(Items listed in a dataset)
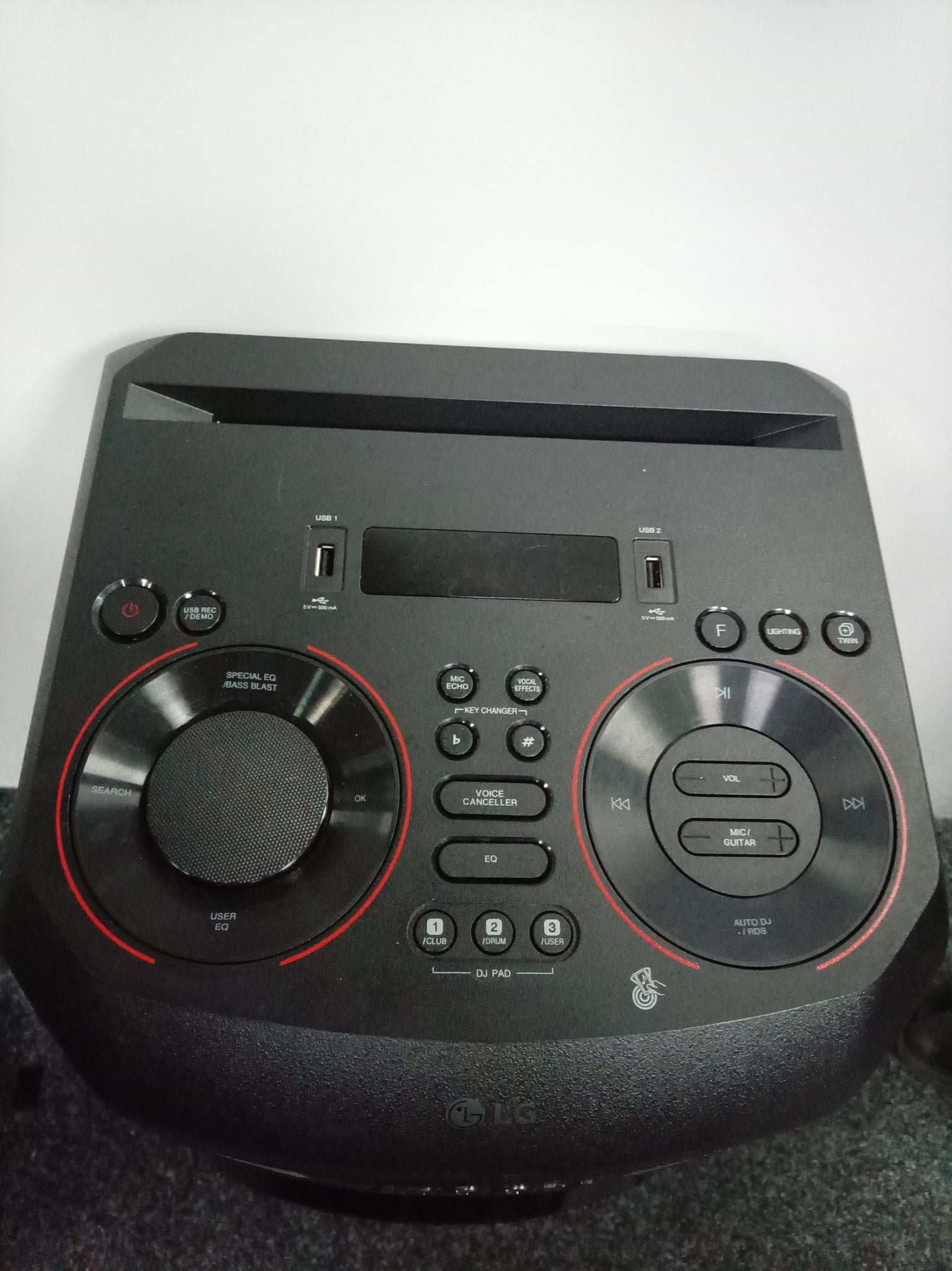 Feel the bold party sound Double Super Bass Boost, X-Shiny Woofer, and other fun features bring powerful rhythm that will turn the party up. Party Lighting. Light up the dance floor with colourful LED lights that vary and change with the rhythm of the beat to add more excitement to your parties. Take control of the dance floor through DJ App. Get the party dancing and apply sound effects straight from the DJ App on either Android or iOS, or control the DJ Pad on the speaker. More ways to enjoy the party. Plug in to the guitar input and get the room rocking. Or use a USB and the radio to play music.
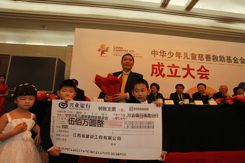 中華少年兒童慈善救助基金會(huì)(以下簡(jiǎn)稱“兒慈會(huì)”)2010年1月12日在北京人民大會(huì)堂正式成立。中共中央政治局常委、國(guó)務(wù)院副總理李克強(qiáng)在為基金會(huì)成立發(fā)來的賀信中說:“慈善救助是一項(xiàng)崇高的事業(yè),是對(duì)社會(huì)保障的重要補(bǔ)充。謹(jǐn)對(duì)基金會(huì)的成立表示祝賀,對(duì)大家矢志從事少年兒童事業(yè)表示由衷的敬意。希望并相信你們會(huì)在各方支持下,發(fā)揮優(yōu)勢(shì),搭建平臺(tái),幫助更多有特殊困難的少年兒童和他們的同齡人,一起在同一片藍(lán)天下健康成長(zhǎng)。”江西省建設(shè)工程有限公司董事長(zhǎng)宗贛生到會(huì)并捐贈(zèng)人民幣500萬元設(shè)立"自立奮進(jìn)獎(jiǎng)",宗贛生表示,以后會(huì)根據(jù)企業(yè)發(fā)展?fàn)顩r捐款額逐年遞增,對(duì)貧困學(xué)生以及教師進(jìn)行資助和獎(jiǎng)勵(lì)。
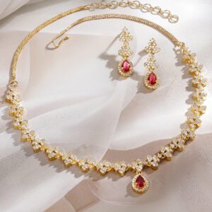 22K Gold-Plated Ruby Pink & White Cubic Zirconia Studded Necklace Set with Earrings
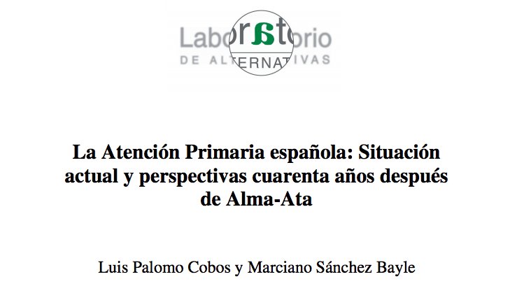 En el #DiaAtenciónPrimaria publicamos un nuevo documento sobre la situación actual de la #AtencionPrimaria española y las perspectivas de futuro #SanidadPública ✍️ Por Luis Palomo y Marciano Sánchez Bayle 📄📥 Descarga el documento aquí: http://bit.ly/2IMCjWF pic.twitter.com/UmQCCJJhjN
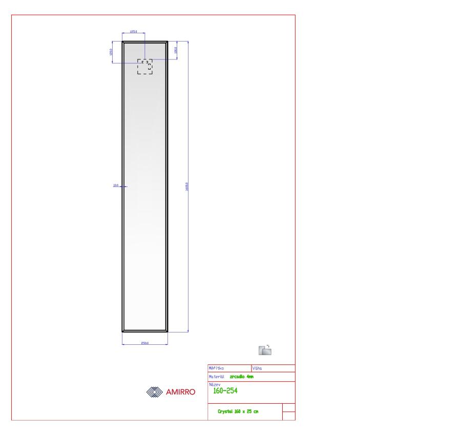 Rozměry: 25 a 160 cm. Lze pověsit na šířku i na výšku. Jednoduchá zrcadla s fazetou 10 mm. Síla zrcadla je 4 mm a je vybaveno 3 ks závěsy. Fazeta – obroušením a vyleštěním okraje zrcadla šikmo pod úhlem 4 – 20° v šířce 5 - 30 mm se vytvoří změnou úhlu odrazu optický efekt rámečku.
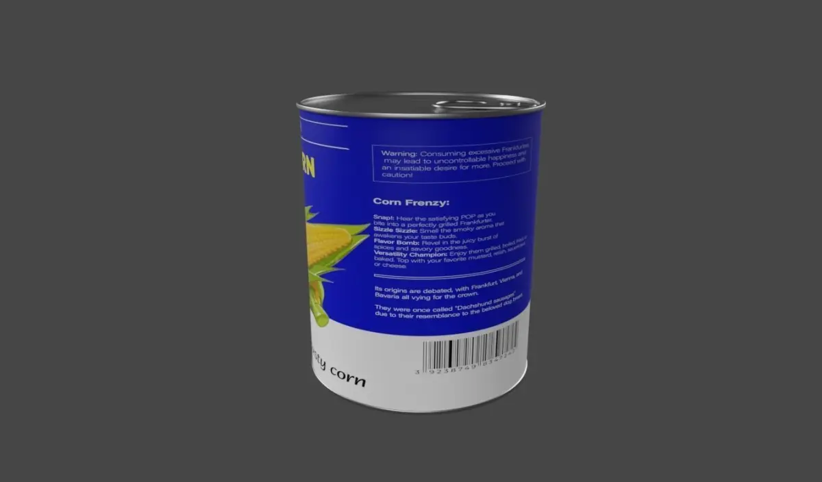 Highly detailed: From the wrinkled texture of the can to the individual plump kernels, this model delivers an unmatched level of realism.Multiple formats: Compatible with most major 3D software, so you can seamlessly integrate it into your workflow.PBR materials: Achieve stunningly realistic renderings with physically based materials that respond to light and environment like the real thing.Customizable: Adjust the label design, add condensation effects, or even animate the opening can (with the right software) for added dynamism.
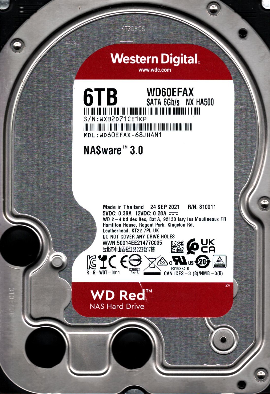 WD60EFAX-68JH4N1 S/N: WXB2D WESTERN DIGITAL 6TB THAILAND SEP 2021
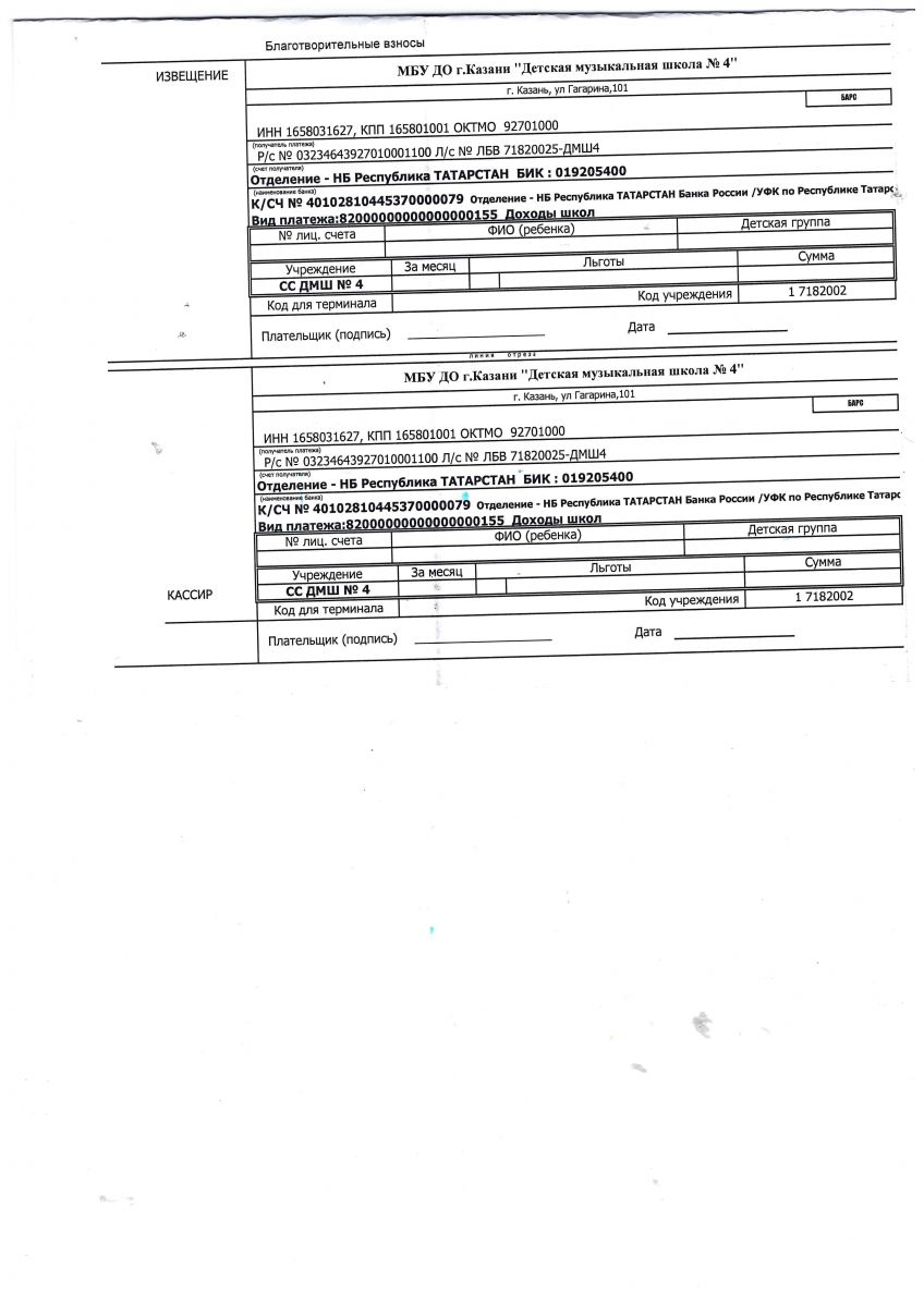Положение о порядке формирования и использования целевых вхносов, добровольных пожертвований юридических и физических лиц в детской школе искусств по видам искусств /upload/storage/org5622/files/Добровольные пожертвования.docx Квитанция /upload/storage/org5622/files/скан кватанции.jpeg
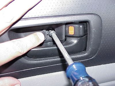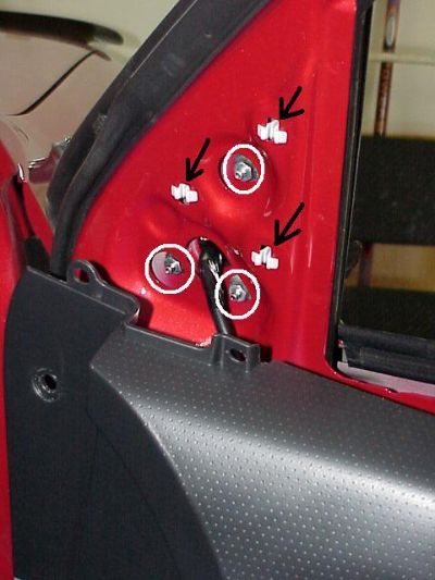 Once all the prawls are loose, lift the door which is "hanging" by the top edge along the window sill. Since I was only trying to access the three bolts that held on the passenger mirror, I did not bother to disconnect the power window switch and completely remove the door panel. For the record, the power window switch garnish easily pries loose from its front edge.
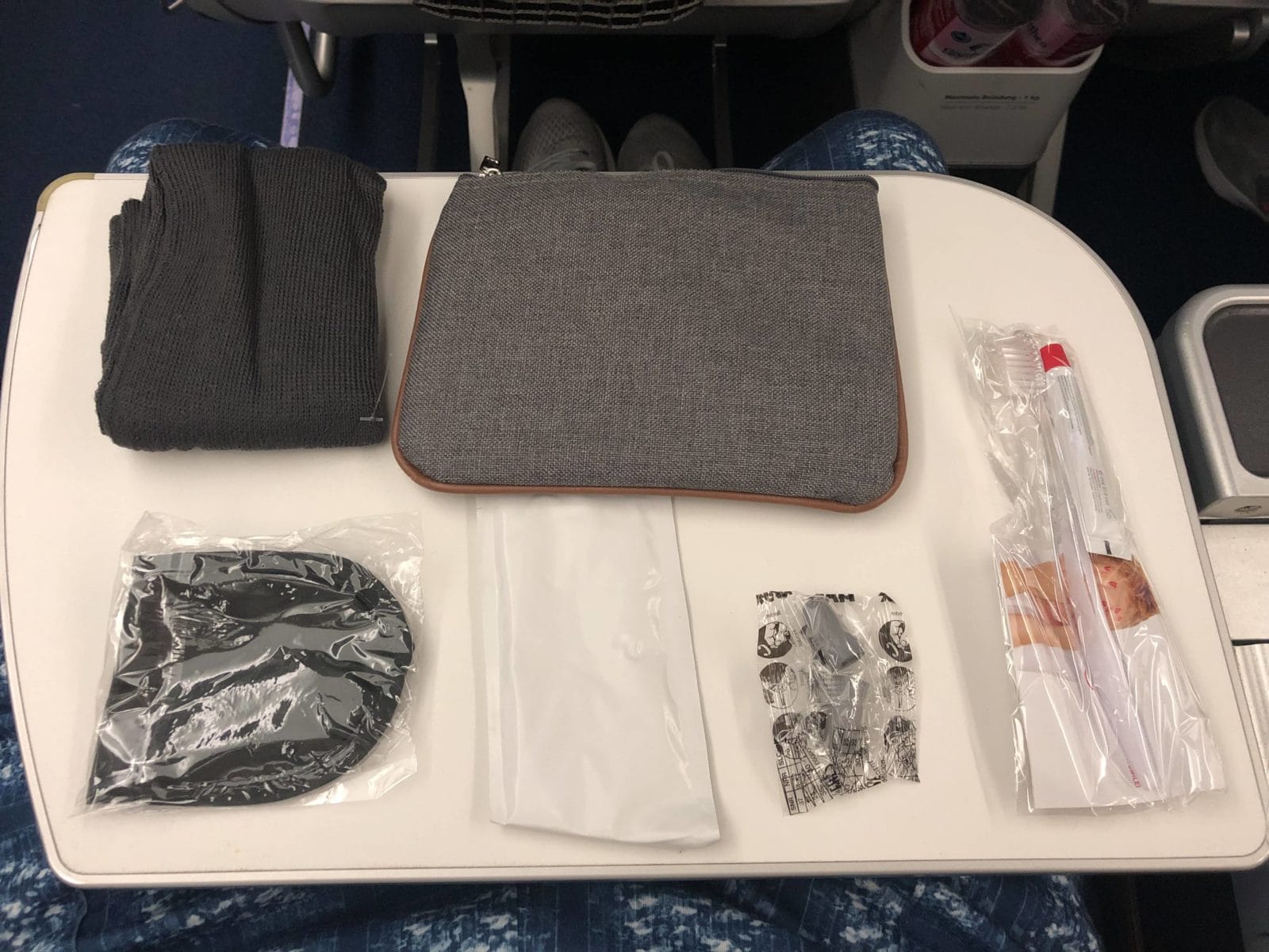 Beim Betreten der Kabine befand sich ein Kissen und eine dünne Decke auf dem Sitz. Es handelt sich dabei um die gleiche Decke, die ihr auch in der Economy Class bekommt. Seitlich des Sitzes befindet sich der Controller, der keinen integrierten Bildschirm hat. In dem Ablagefach daneben ist ein kleines Amenity Kit verstaut. Ihr habt richtig gelesen: Im Vergleich zur Economy Class erhaltet ihr in der Premium Economy ein kleines Amenity Kit. In dem Amenity Kit befinden sich Ohrstöpsel, Schlafmaske, Socken, Erfrischungstuch und Zahnbürste. Auf dem Rückflug gab es das Amenity Kit in Form einer Tragetasche. Ich meine mich zu erinnern, dass es fünf verschiedene Muster gibt: Die Golden Gate Bridge, die Skyline von New York, Frankfurt, Amsterdam und noch ein weiteres.
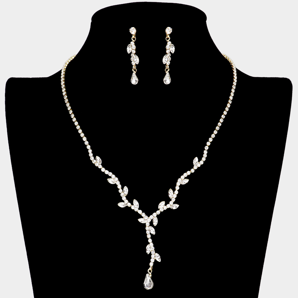 • Elegant necklace and earring set with shimmering leaf-shaped stones and a delicate drop pendant. Perfect for weddings, proms, and special events for a refined and glamorous look.
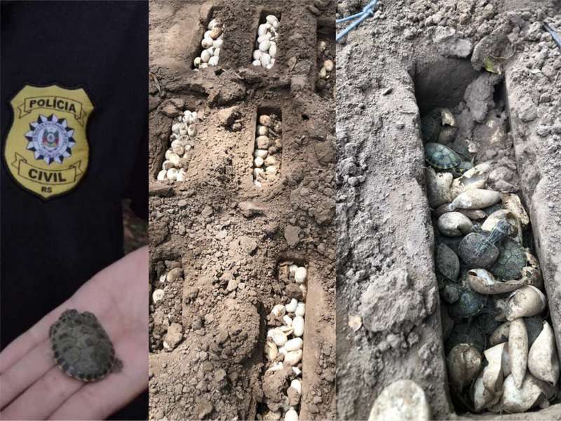 Durante a investigação, os policiais civis localizaram um local utilizado para o nascimento das tartarugas.

REQUIREMENT => Write out each line exactly, from the one containing "Положение о порядке" through the end of the entries, and skip the pictures.

THE ANSWER =>
Положение о порядке формирования и использования целевых вхносов, добровольных пожертвований юридических и физических лиц в детской школе искусств по видам искусств /upload/storage/org5622/files/Добровольные пожертвования.docx Квитанция /upload/storage/org5622/files/скан кватанции.jpeg
 Once all the prawls are loose, lift the door which is "hanging" by the top edge along the window sill. Since I was only trying to access the three bolts that held on the passenger mirror, I did not bother to disconnect the power window switch and completely remove the door panel. For the record, the power window switch garnish easily pries loose from its front edge.
 Beim Betreten der Kabine befand sich ein Kissen und eine dünne Decke auf dem Sitz. Es handelt sich dabei um die gleiche Decke, die ihr auch in der Economy Class bekommt. Seitlich des Sitzes befindet sich der Controller, der keinen integrierten Bildschirm hat. In dem Ablagefach daneben ist ein kleines Amenity Kit verstaut. Ihr habt richtig gelesen: Im Vergleich zur Economy Class erhaltet ihr in der Premium Economy ein kleines Amenity Kit. In dem Amenity Kit befinden sich Ohrstöpsel, Schlafmaske, Socken, Erfrischungstuch und Zahnbürste. Auf dem Rückflug gab es das Amenity Kit in Form einer Tragetasche. Ich meine mich zu erinnern, dass es fünf verschiedene Muster gibt: Die Golden Gate Bridge, die Skyline von New York, Frankfurt, Amsterdam und noch ein weiteres.
 • Elegant necklace and earring set with shimmering leaf-shaped stones and a delicate drop pendant. Perfect for weddings, proms, and special events for a refined and glamorous look.
 Durante a investigação, os policiais civis localizaram um local utilizado para o nascimento das tartarugas.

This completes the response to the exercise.